MATEval: A Multi-Agent Text Evaluation Framework
This paper has been ACCEPTED as a LONG PAPER presentation by DASFAA 2024 Industrial Track. You can currently access it through the following link: MATEval
In the Alipay business scenario, we need to assess open-ended story texts generated by large language models(LLMs). For this specific business context, we have proposed a multi-agent evaluation framework called "MATEval". Within this framework, we have integrated strategies of self-reflection and Chain-of-Thought (CoT), and we have also introduced a feedback mechanism at the end of each round of discussion. This mechanism evaluates the quality of each discussion round, facilitating consensus. Ultimately, we require a summarizer to consolidate the results of the entire discussion process.
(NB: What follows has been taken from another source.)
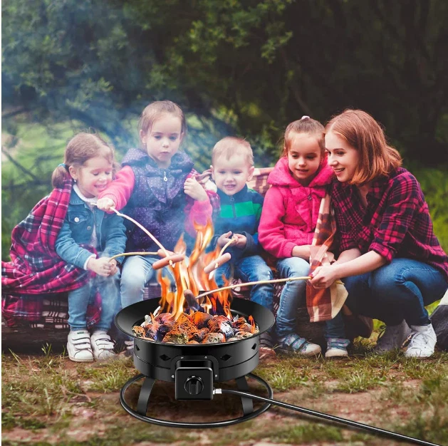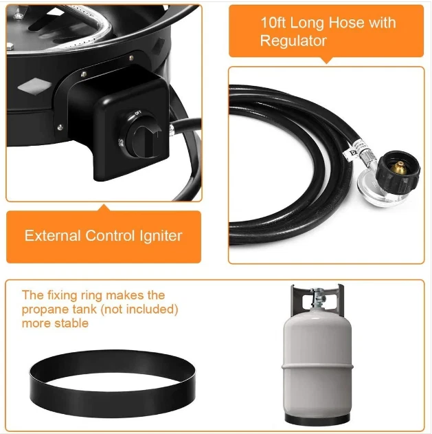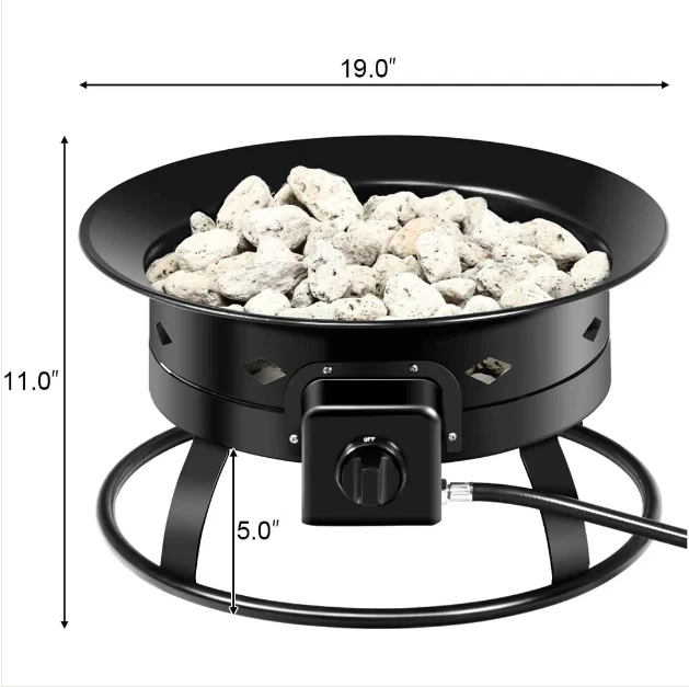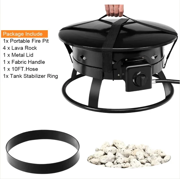 Firebowl Outdoor Portable Propane Gas Fire Pit Description Description: Our portable fire pit can bring you a more perfect outdoor camping experience! Our fire pit uses clean and environmentally friendly propane, which is safer to burn smokeless and odorless. Strong iron with black powder coating is rustproof and smooth for easy clean. The compact and portable design is easy to carry and store. It is your necessary partner for campfire parties, RV travels, family gatherings, and forest adventures. Features: Environmentally friendly propane fuel for safe use Burns without smoke, sparks and choking odors Sturdy iron construction with black powder coating for years of use Compact shape design to store easily Lava rock stones to bring you more beautiful flames of good heat Metal lid with fabric handle for easy carrying Including 10 ft hose with attached regulator Comes with tank stabilizer ring Round iron base to ensure stability Certified by CSA to allow use during most campfire bans Easy to assemble and maintain For outdoor use only, perfect for camping, backyards, terraces, beaches or caravan parks Specifications: Color: Black Product Dimensions: 19" x 19" x 11"(L x W x H) Material: Iron with Powder Coating Heat Output: 58,000BTU Net Weight: 19.5 lbs Package includes: 1 x Portable Fire Pit 4 x Lava Rock Stone 1 x Metal Lid 1 x Fabric Handle 1 x 10ft.Hose 1 x Tank Stabilizer Ring 1 x User Guide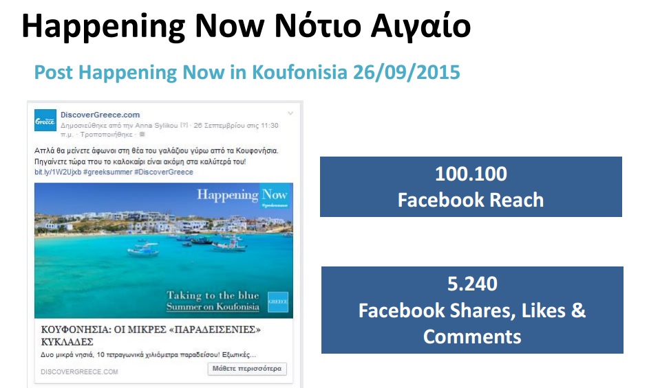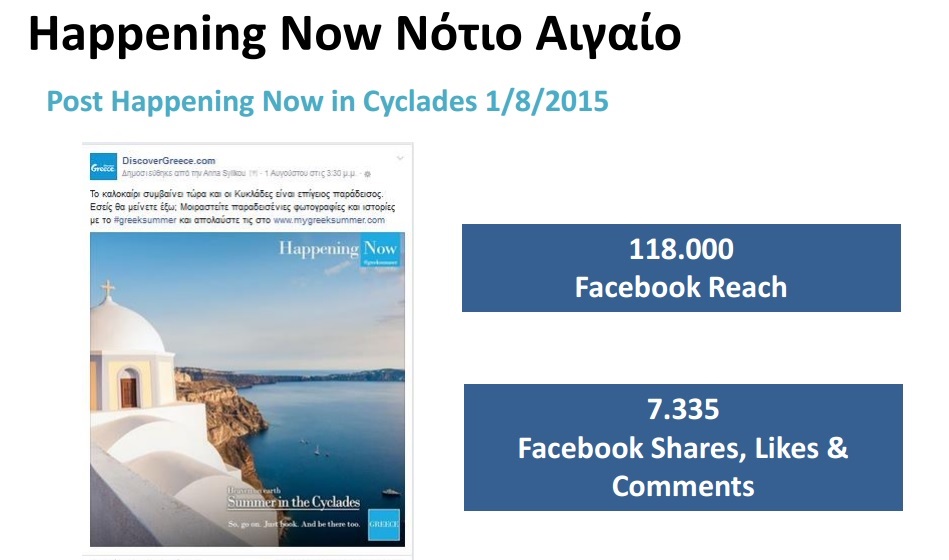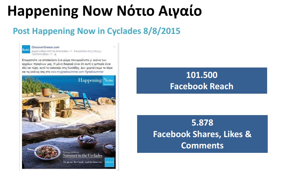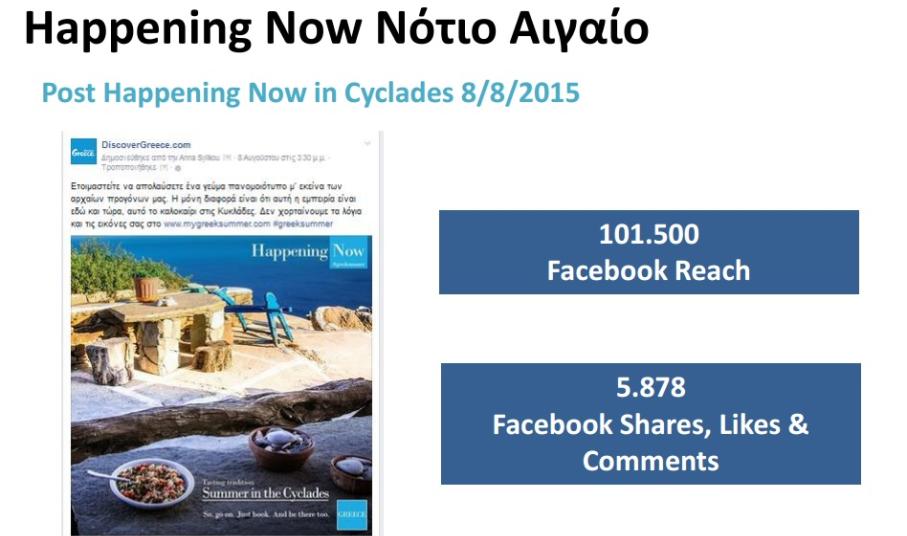 Ο νησιώτικος χώρος των Κυκλάδων κατέγραψε ως συνολική παρουσίαση 421.600 θεάσεις αλλά και 25.003 κοινοποιήσεις, like και σχόλια μέσω πέντε αναρτήσεων που υπήρξαν σε διαφορετικές ημερομηνίες εντός του διμήνου που διήρκησε η καμπάνια.

We provide two formats of output: one in the form of Q&A pairs, and the other as text reports that are easy for humans to read. Extensive experiments demonstrate that MATEval's evaluation results on two classic story datasets are more aligned with human preferences compared to existing methods.
In the MATEval framework, we select OpenAI’s GPT-4 as our LLMs due to its outstanding performance and API accessibility. We set the temperature parameter to 0 for result reproducibility. GPT-4’s easy access facilitated effective and coherent multi-agent interactions in our experiments.